= 1993 Ramada Hotel drownings =

Hotel pool drowning in Andover, MA

On April 7, 1993, three teenage boys died by drowning in a swimming pool at a Ramada Rolling Green Hotel in Andover, Massachusetts. The deaths resulted in a lawsuit against the Ramada and its owners. The drownings came at a time when many area hotels were being constructed without deep ends in their pools, or were renovating their pools to remove them, according to hospitality industry professionals.

==Background==
The victims, twin brothers George and Vincent Chin (16) and their brother Winston (13), were from Brooklyn, New York. They were traveling with their uncle Steven Yee, who had paid for the three boys, two of their siblings, and his own three children to join him in a tour group to Boston.

==Drownings==
The tour buses arrived at the Ramada Rolling Green Hotel in Andover just off Route 133 at around 9:30 p.m. Yee took a shower, while the boys, who did not know how to swim, went to the pool. The pool had a sign posted stating that it closed at 10 p.m.—it also stated that no one under 14 was allowed in the pool without adult supervision. No lifeguard was on duty, and Massachusetts law does not require one at hotel pools. Nor did the pool have a fence or a ladder in the deep end. Andover town law did not require fences around indoor pools; however, Ramada corporate standards did, and the Chin family alleged that state law also required it. As two of the boys played in the pool, their sibling began video-taping them. The water was 9 ft deep in the deep end.

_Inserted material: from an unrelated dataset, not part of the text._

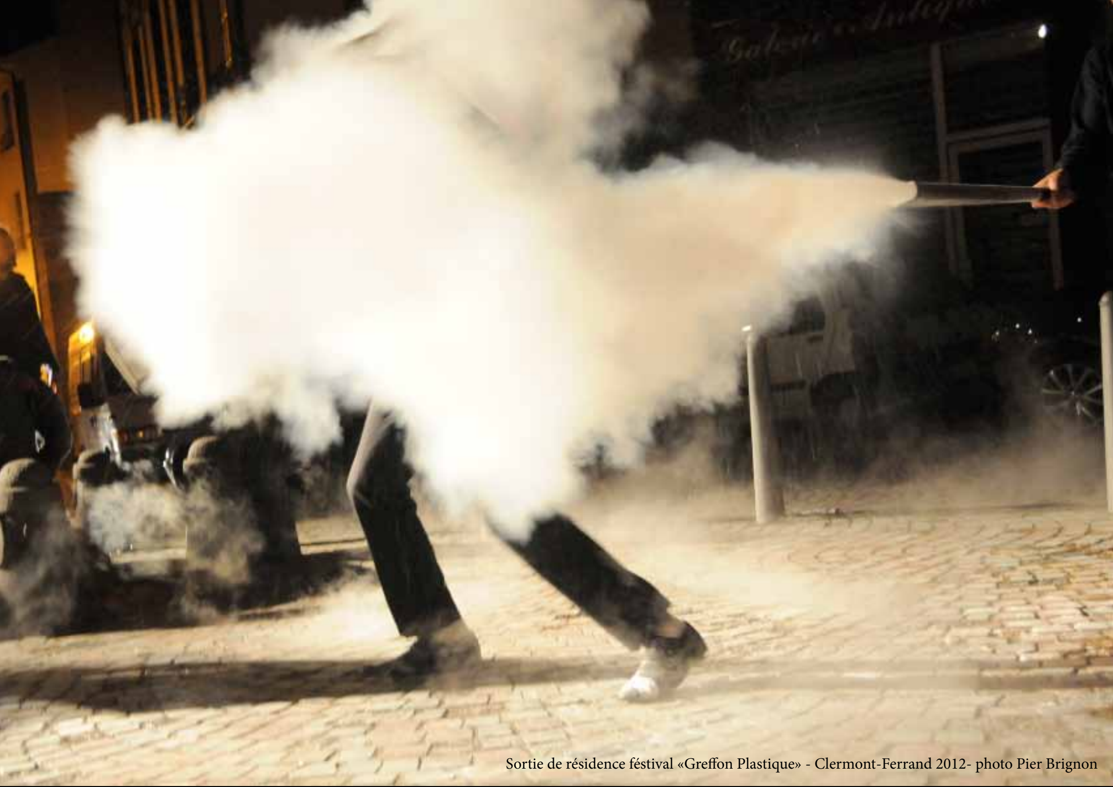
Sortie de résidence festival «Greffon Plastique» - Clermont-Ferrand 2012- photo Pier Brignon

According to police, at one point Vincent and Winston began moving toward the deep end, until the water was above their heads; their siblings thought they were just playing, but when they did not emerge, their siblings began yelling for help and threw them a life preserver. George dived into the pool in a rescue attempt, while his cousin went into the hotel to try to find someone to help. A pool maintenance man would later testify that he saw them playing in the pool but did not mention this fact to co-workers or managers. At the time, the night manager and another employee were on the way to the pool to close it, but stopped to chat with the pool maintenance man, delaying their arrival. By the time they came to the pool, they found the boys already submerged. The night manager jumped into the pool and pulled them out. However, the employees lacked aquatic rescue skills and could not render further assistance.

Vincent was taken to Lawrence General Hospital in the neighboring town of Lawrence, while Winston was taken to St. John's Hospital (now Saints Medical Center) in Lowell; both were declared dead on arrival. George was still alive when removed from the pool, and was taken by helicopter to Brigham and Women's Hospital in Boston, where he was pronounced dead at 6:18 a.m. the following morning. The parents flew to Boston that day to identify the bodies and arrange their return to New York.

==Aftermath==
About 500 mourners attended the boys' funeral, which was held on April 13 at the Wah Wing Sang Buddhist funeral home. Mayor David Dinkins spoke briefly. The Brooklyn Chinatown branches of the Lions Club and Kiwanis, together with the Chinese-American Voters' Association, started a fund to provide aid to the family, as the father was then unemployed. Ramada Rolling Green and its owners offered the Chin family a $1.8 million settlement in January 1996, which they rejected. Instead, they filed a wrongful death and negligence suit. They hoped to spark changes in Massachusetts law to require lifeguards at hotel pools, in the way that law in New York City already did. Jury selection was completed on January 29. During deliberations, one member of the jury was dismissed for reading a newspaper article about the case. The remaining members of the jury failed to reach a verdict. On February 16, presiding judge Nancy Gertner declared a mistrial.